Stored dataset items
⟨
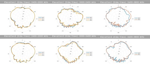 7,5 dBi to szczytowe wzmocnienie we wszystkich pasmach 2400–2500 i 5000–5800 MHz
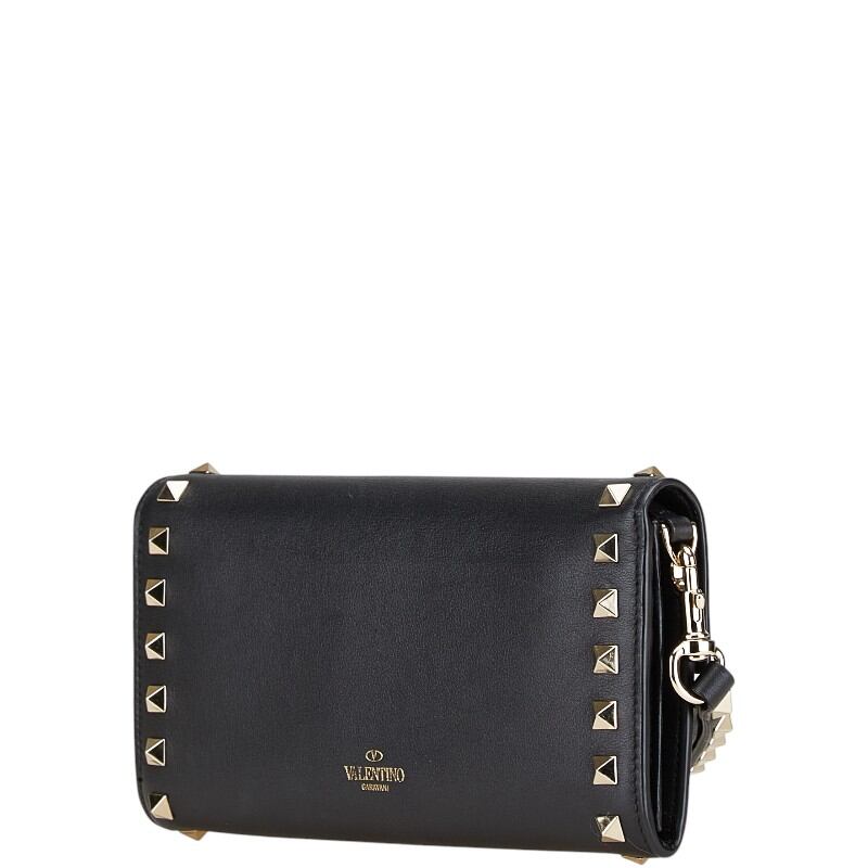 ヴァレンティノ ロックスタッズ 長財布 ブラック ゴールド レザー レディース VALENTINO 【中古】
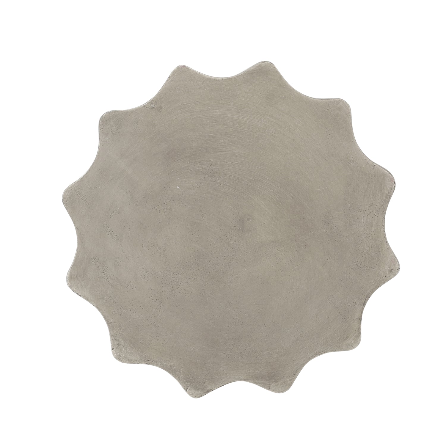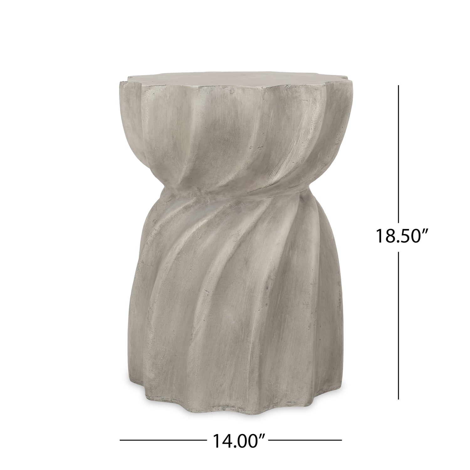 Introducing our must-have side table for your outdoor oasis. Elevate your space with our sleek and stylish design, crafted with lightweight concrete for both durability and a modern aesthetic. Its versatile design makes it the perfect addition to any backyard or patio, whether as an end table next to your chat set or sectional. The sunburst tabletop and hourglass shape add a touch of sophistication to any space, making it a statement piece that will elevate your outdoor decor. Use it to hold snacks or chilled drinks while entertaining guests, or simply as a decorative piece to tie your outdoor space together. Don't settle for a basic outdoor table - upgrade to our refined and functional side table today.
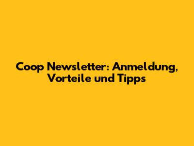 Coop Newsletter: Anmeldung, Vorteile Und Tipps
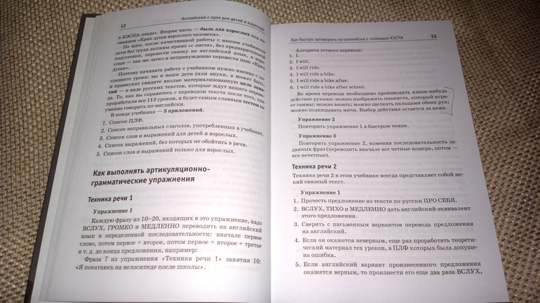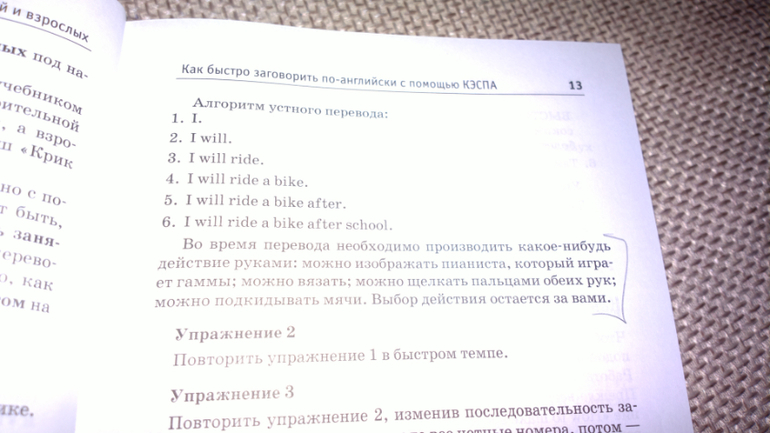 Мне очень понравились упражнения "Техника речи" из этой методики. Автор предлагает каждую фразу переводить на английский язык в определенной последовательности: вначале первое слово, затем первое + второе, потом первое+второе +третье и т.д до конца предложения. У меня это сработало! Я учила язык в школе, была у меня "5", потом в институте я поняла, что язык я не знаю ( хотя и там была у меня "5") и уже после института я предпринимала попытки подтянуть язык и все осталось на прежнем уровне. И вот уже у меня подрос сын и заинтересовался языком и только сейчас я нашла работающую ( для меня) методику! И у меня что-то щёлкнуло в голове.
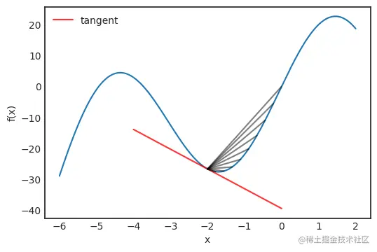 在极限定理中,这也是点 x 处切线的斜率。下图说明了这个概念:
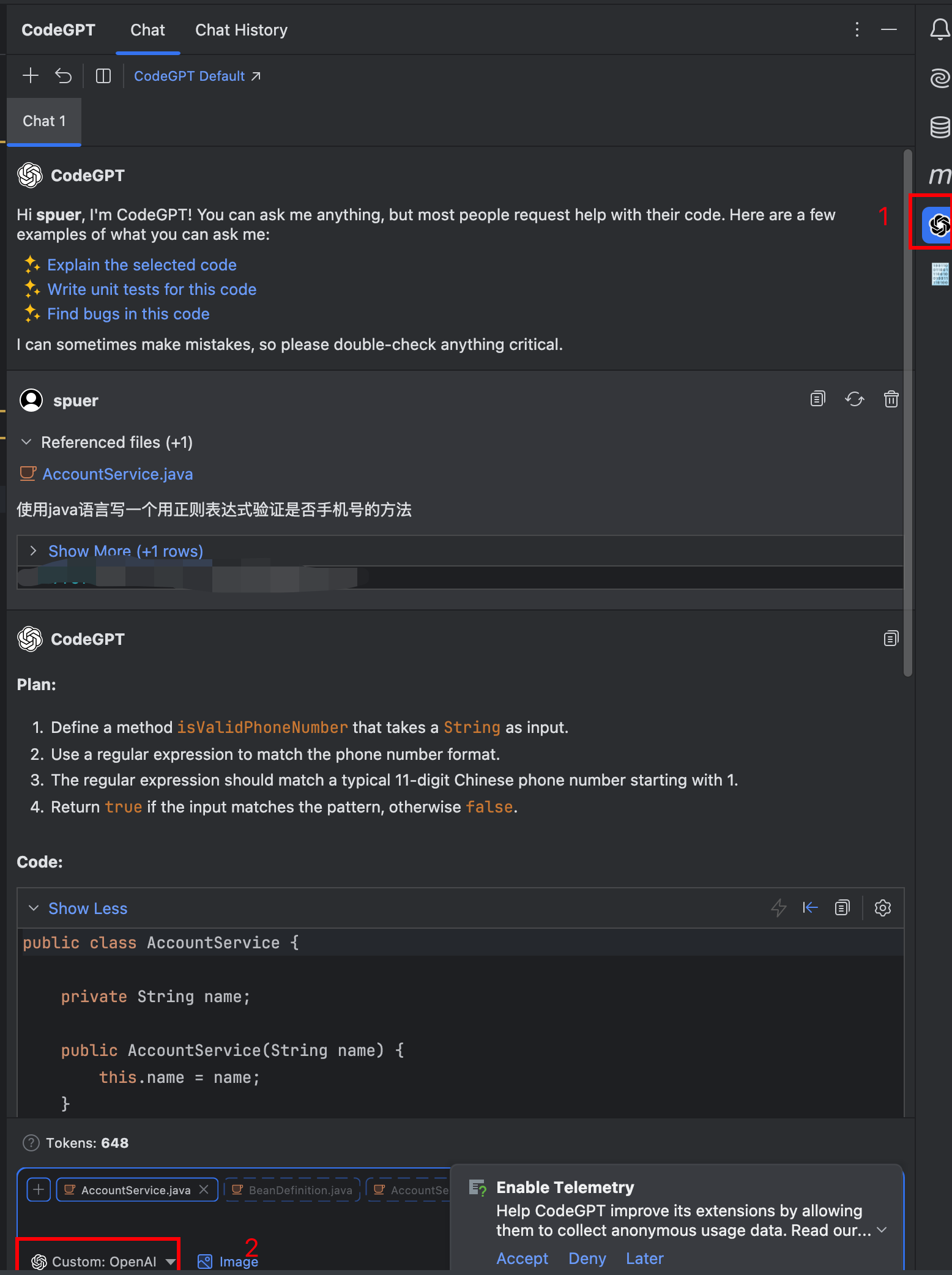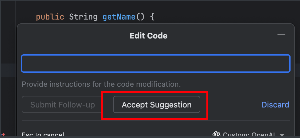 5.2.5 点击 Accept Suggestion ,接受CodeGPT 的建议;
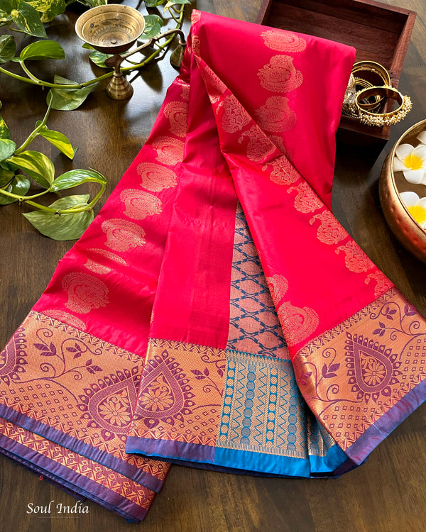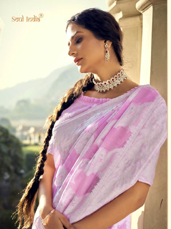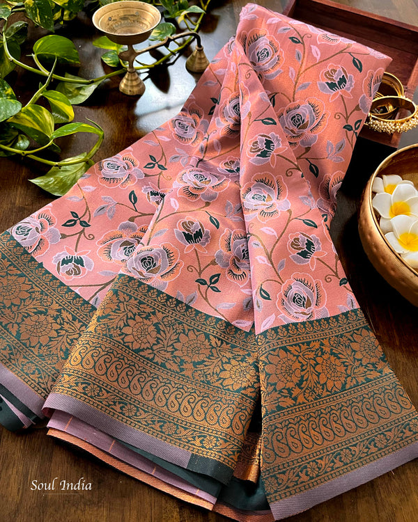 Contemporary Banarasi South Silk With Woven Floral Motifs - Light Pink
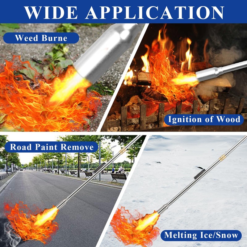- WIDE APPLICATION:The portable weed burner torch for propane tank for outside.The weed torches not only removes weeds and thorns from backyards and driveway slabs, but also melts snow and ice from houses and roads in winter, and can even recolor faded plastic
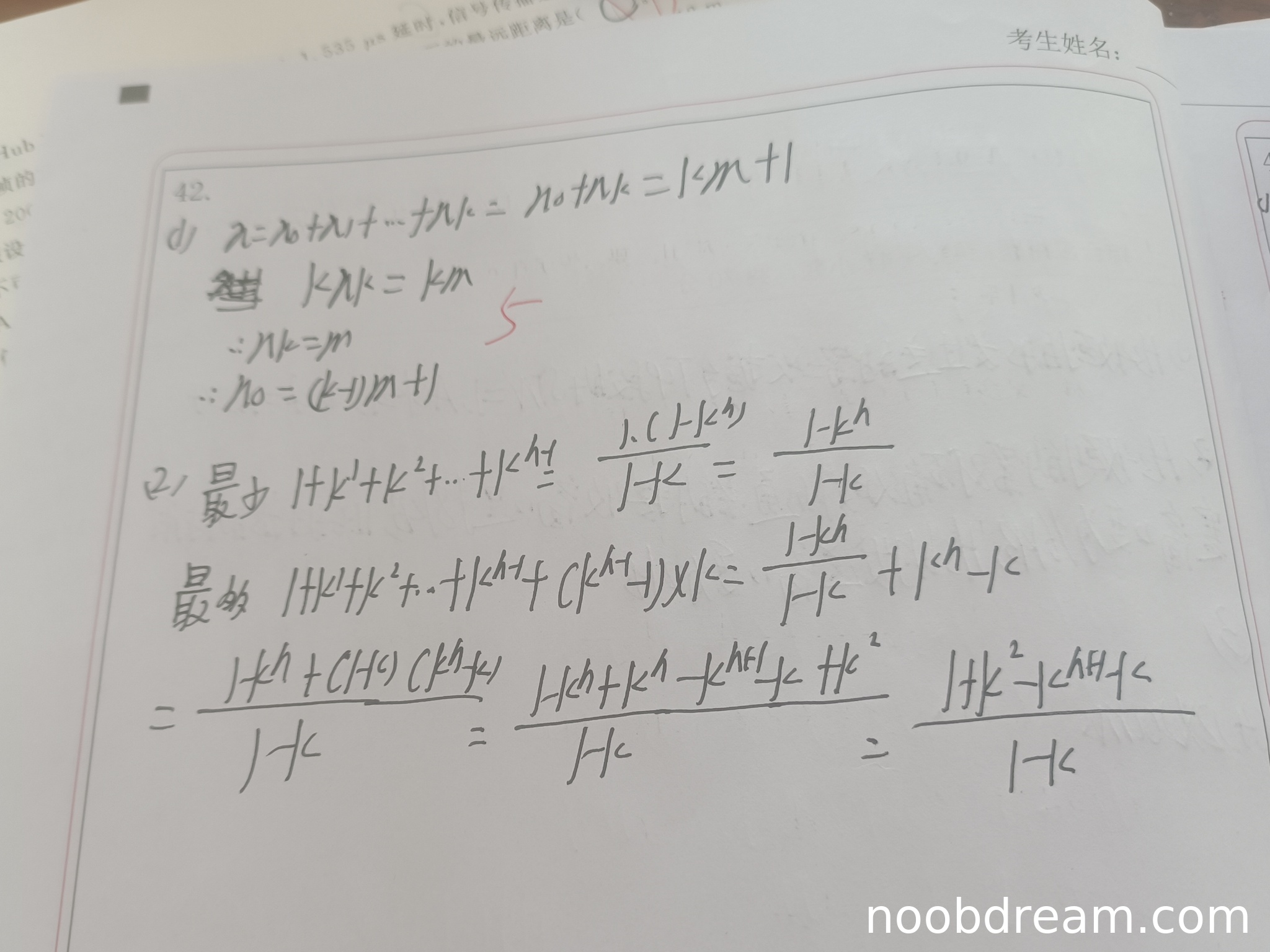 但学生将等比数列求和公式计算的结果标注为"最少",而将错误的扩展计算标注为"最多",这是根本性的逻辑错误。虽然计算过程显示学生掌握了等比数列求和,但对正则k叉树极端情况的理解完全错误。根据评分标准,推导过程存在逻辑错误不能给满分,且答案完全颠倒,因此最多结点部分得1分(公式正确但应用对象错误),最少结点部分得0分(公式和理解均错误)。本题总得1分。
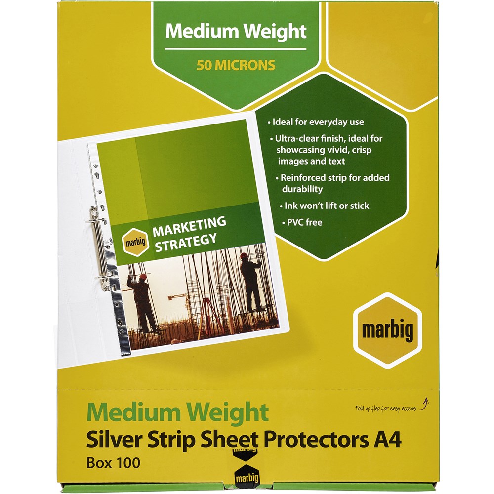 MARBIG SHEET PROTECTORS A4 Silver Strip Copysafe PK100
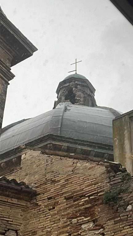 Un fulmine ha aperto un vero e proprio buco nella cupola e detriti ed altri elementi presenti nella cupola sono caduti all’interno della chiesa, in quel momento vuota. Sul posto sono intervenuti i vigili del fuoco, ufficio tecnico del Comune e sindaco.
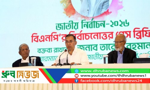 হোটেল ইন্টারকন্টিনেন্টালে সংবাদ সম্মেলনে বিএনপি চেয়ারম্যান তারেক রহমান। ছবি: ধ্রুব নিউজ
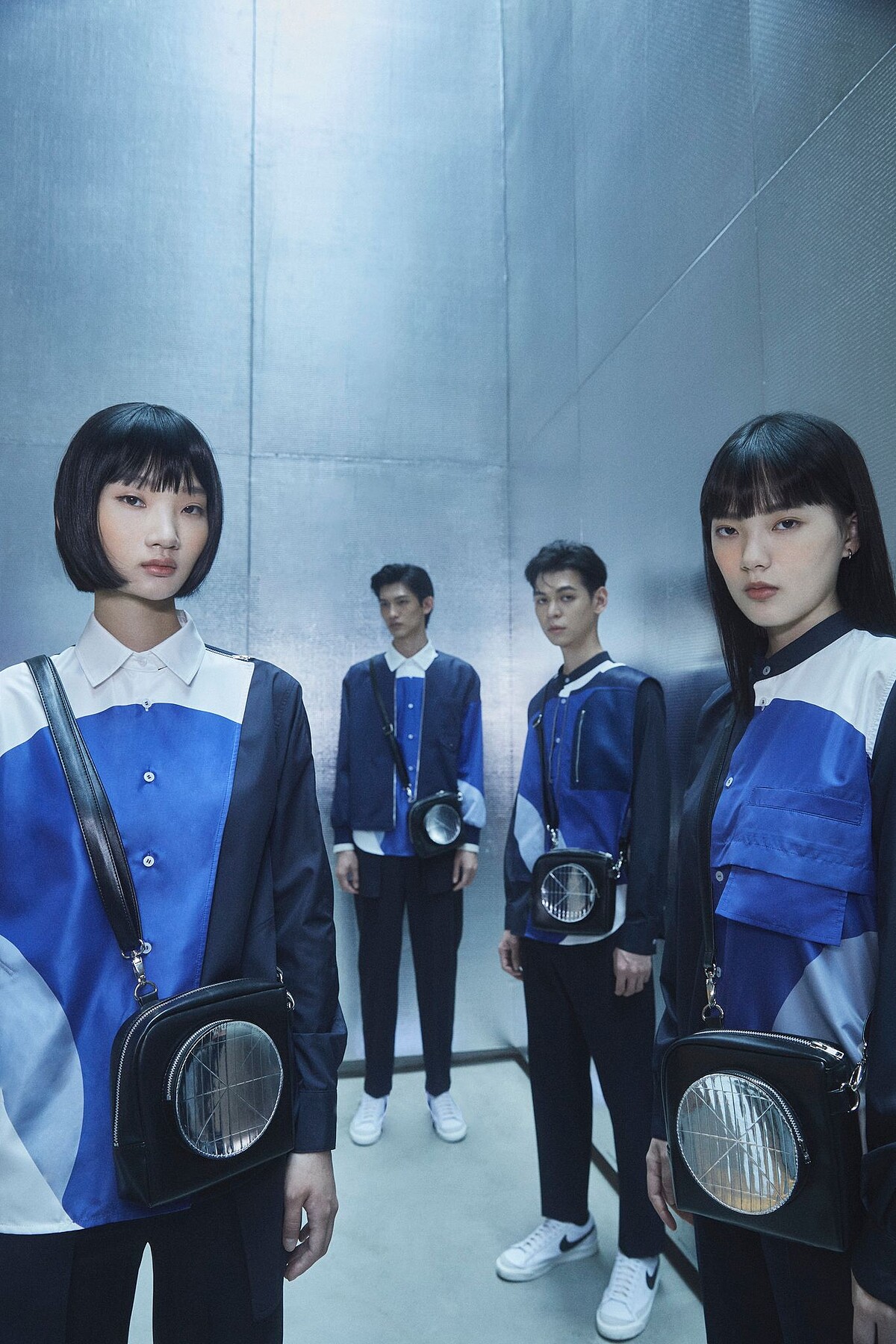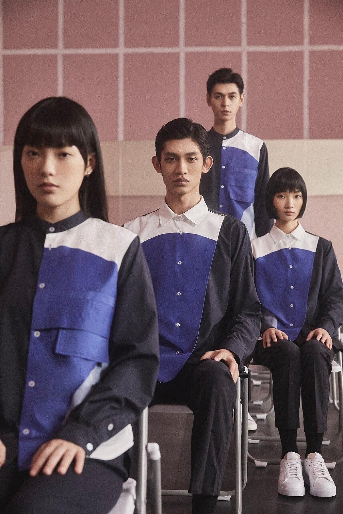 色調上,「北藝藍」Panton 646貫穿系列,立裁設計與結構性輪廓讓造型更立體有型,細節設計上講究人體工學,像是前片覆蓋設計跳脫既有的襯衫框架,讓女性工作人員能夠自在活動,避免曝光。
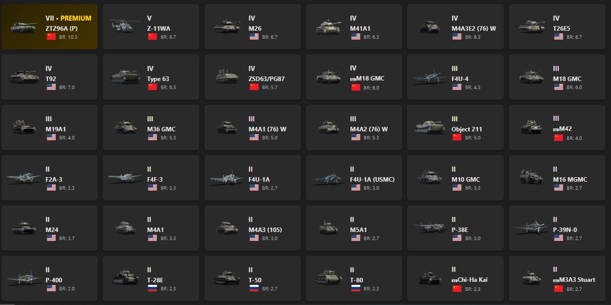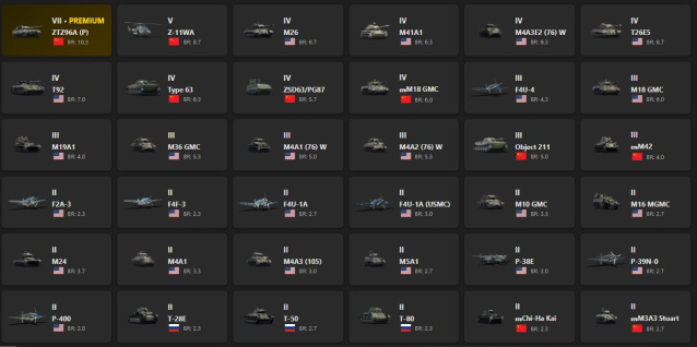 ZTZ96A (P), Z-11WA, M26, M41A1, M4A3E2 (76) W, T26E5, T92, Type 63, ZSD63/PG87, M18 GMC, F4U-4
⟩
Instructions for the task
Once the pictures are set aside, give every line above again without alteration.

Task output
 7,5 dBi to szczytowe wzmocnienie we wszystkich pasmach 2400–2500 i 5000–5800 MHz
 ヴァレンティノ ロックスタッズ 長財布 ブラック ゴールド レザー レディース VALENTINO 【中古】
 Introducing our must-have side table for your outdoor oasis. Elevate your space with our sleek and stylish design, crafted with lightweight concrete for both durability and a modern aesthetic. Its versatile design makes it the perfect addition to any backyard or patio, whether as an end table next to your chat set or sectional. The sunburst tabletop and hourglass shape add a touch of sophistication to any space, making it a statement piece that will elevate your outdoor decor. Use it to hold snacks or chilled drinks while entertaining guests, or simply as a decorative piece to tie your outdoor space together. Don't settle for a basic outdoor table - upgrade to our refined and functional side table today.
 Coop Newsletter: Anmeldung, Vorteile Und Tipps
 Мне очень понравились упражнения "Техника речи" из этой методики. Автор предлагает каждую фразу переводить на английский язык в определенной последовательности: вначале первое слово, затем первое + второе, потом первое+второе +третье и т.д до конца предложения. У меня это сработало! Я учила язык в школе, была у меня "5", потом в институте я поняла, что язык я не знаю ( хотя и там была у меня "5") и уже после института я предпринимала попытки подтянуть язык и все осталось на прежнем уровне. И вот уже у меня подрос сын и заинтересовался языком и только сейчас я нашла работающую ( для меня) методику! И у меня что-то щёлкнуло в голове.
 在极限定理中,这也是点 x 处切线的斜率。下图说明了这个概念:
 5.2.5 点击 Accept Suggestion ,接受CodeGPT 的建议;
 Contemporary Banarasi South Silk With Woven Floral Motifs - Light Pink
- WIDE APPLICATION:The portable weed burner torch for propane tank for outside.The weed torches not only removes weeds and thorns from backyards and driveway slabs, but also melts snow and ice from houses and roads in winter, and can even recolor faded plastic
 但学生将等比数列求和公式计算的结果标注为"最少",而将错误的扩展计算标注为"最多",这是根本性的逻辑错误。虽然计算过程显示学生掌握了等比数列求和,但对正则k叉树极端情况的理解完全错误。根据评分标准,推导过程存在逻辑错误不能给满分,且答案完全颠倒,因此最多结点部分得1分(公式正确但应用对象错误),最少结点部分得0分(公式和理解均错误)。本题总得1分。
 MARBIG SHEET PROTECTORS A4 Silver Strip Copysafe PK100
 Un fulmine ha aperto un vero e proprio buco nella cupola e detriti ed altri elementi presenti nella cupola sono caduti all’interno della chiesa, in quel momento vuota. Sul posto sono intervenuti i vigili del fuoco, ufficio tecnico del Comune e sindaco.
 হোটেল ইন্টারকন্টিনেন্টালে সংবাদ সম্মেলনে বিএনপি চেয়ারম্যান তারেক রহমান। ছবি: ধ্রুব নিউজ
 色調上,「北藝藍」Panton 646貫穿系列,立裁設計與結構性輪廓讓造型更立體有型,細節設計上講究人體工學,像是前片覆蓋設計跳脫既有的襯衫框架,讓女性工作人員能夠自在活動,避免曝光。
 ZTZ96A (P), Z-11WA, M26, M41A1, M4A3E2 (76) W, T26E5, T92, Type 63, ZSD63/PG87, M18 GMC, F4U-4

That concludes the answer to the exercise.